━━ Data segment ━━

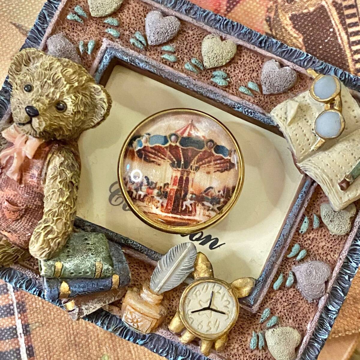 【着物 ハンドメイド ガラス 帯留め|和洋折衷のアクセントに オリジナルデザイン 華やかな装飾に彩られたアンティークのメリーゴーランド GK-40】
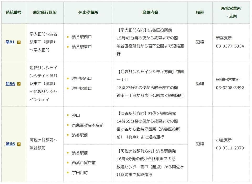 同じく渋谷駅東西で循環運転し、池袋駅東口・池袋サンシャインシティとの間を結ぶ池86系統でも区間短縮を実施。こちらは神南一丁目から渋谷駅西口・渋谷駅東口を経由せず宮下公園に向かうルートとなる。
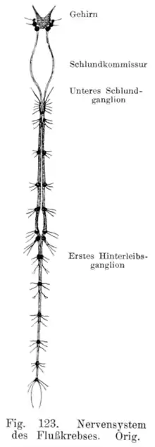Нервная система ракообразных, как и всех членистоногих, представлена парными надглоточными ганглиями, нервным кольцом и брюшной нервной цепочкой. У примитивных жаброногих раков нервная система лестничного типа: парные ганглии в сегментах широко расставлены и соединяются комиссурами. У большинства ракообразных брюшные стволы сблизились, правый и левый ганглии слились, комиссуры исчезли, и только двойственность продольных перемычек между ганглиями соседних сегментов свидетельствует о парном происхождении брюшной нервной цепочки[32]. Как и у большинства членистоногих, у ракообразных проявляется тенденция к олигомеризации (слиянию) ганглиев из разных сегментов, что отличает брюшную нервную цепочку членистоногих от таковой у кольчатых червей[33]. Так, у речного рака, тело которого состоит из 18 сегментов, имеется только 12 нервных узлов[34].

━━━

- **Problem statement**
Reproduce every line above exactly, pictures excluded.

- **Task answer**
 【着物 ハンドメイド ガラス 帯留め|和洋折衷のアクセントに オリジナルデザイン 華やかな装飾に彩られたアンティークのメリーゴーランド GK-40】
 同じく渋谷駅東西で循環運転し、池袋駅東口・池袋サンシャインシティとの間を結ぶ池86系統でも区間短縮を実施。こちらは神南一丁目から渋谷駅西口・渋谷駅東口を経由せず宮下公園に向かうルートとなる。
Нервная система ракообразных, как и всех членистоногих, представлена парными надглоточными ганглиями, нервным кольцом и брюшной нервной цепочкой. У примитивных жаброногих раков нервная система лестничного типа: парные ганглии в сегментах широко расставлены и соединяются комиссурами. У большинства ракообразных брюшные стволы сблизились, правый и левый ганглии слились, комиссуры исчезли, и только двойственность продольных перемычек между ганглиями соседних сегментов свидетельствует о парном происхождении брюшной нервной цепочки[32]. Как и у большинства членистоногих, у ракообразных проявляется тенденция к олигомеризации (слиянию) ганглиев из разных сегментов, что отличает брюшную нервную цепочку членистоногих от таковой у кольчатых червей[33]. Так, у речного рака, тело которого состоит из 18 сегментов, имеется только 12 нервных узлов[34].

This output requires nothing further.